-- Opening Marker --

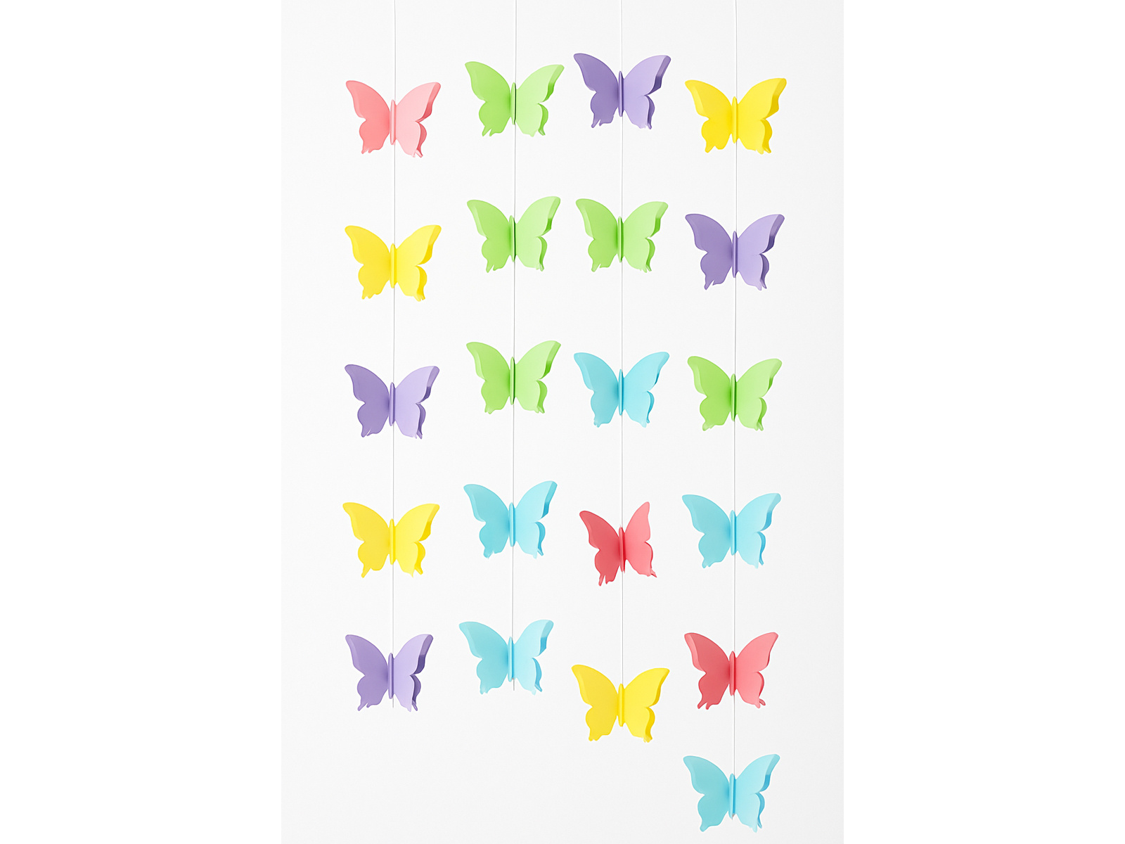 Akasztós dekoráció színes 3D pillangók - 3 m - 1 db.
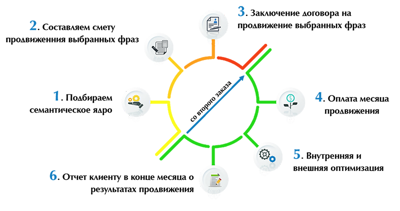 Сами работы над ресурсом можно разделить на две части: подготовительные и работы по улучшению видимости сайта в поисковой выдаче. Первостепенно оптимизатор приступает к исправлению ошибок, оптимизации страниц, корректировке текстов и приведению сайта в соответствие с необходимыми для SEO параметрами. Для улучшения видимости (позиций) в выдаче выполняются работы по наполнению разделов новой уникальной информацией, развитие ссылочного профиля и улучшению поведенческих факторов.
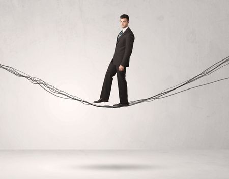 A confident businessman with briefcase walking forward on drawn lines, cables in empty grey space concept
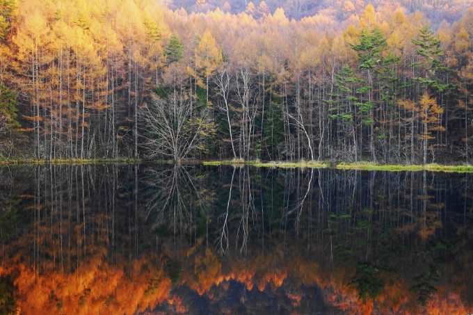 11月の3日長野県蓼科、あの東山画伯が描いた御射鹿池の紅葉を撮影して来ました。標高1500Mの紅葉は終わりに近づいていましたが、それでも静かな池と相まって美しい輪郭を残していました。ピ-クは10月下旬頃と思います。秋の御射鹿池は初めてですが、夏の風景も捨てがたいし、あの画伯の絵は夏の風景です。皆さんも一度行かれては如何ですか。茅野市街から車で30分程度です。ただ、モラルの悪い観光客の影響か、池のすべて立ち入り禁止です。駐車場完備です。

-- Closing Marker --

§ PROBLEM
Only the lines from the start of the material to the line with "Сами работы над", inclusive, belong in the answer, printed exactly and free of pictures.

§ WRITTEN SOLUTION
 Akasztós dekoráció színes 3D pillangók - 3 m - 1 db.
 Сами работы над ресурсом можно разделить на две части: подготовительные и работы по улучшению видимости сайта в поисковой выдаче. Первостепенно оптимизатор приступает к исправлению ошибок, оптимизации страниц, корректировке текстов и приведению сайта в соответствие с необходимыми для SEO параметрами. Для улучшения видимости (позиций) в выдаче выполняются работы по наполнению разделов новой уникальной информацией, развитие ссылочного профиля и улучшению поведенческих факторов.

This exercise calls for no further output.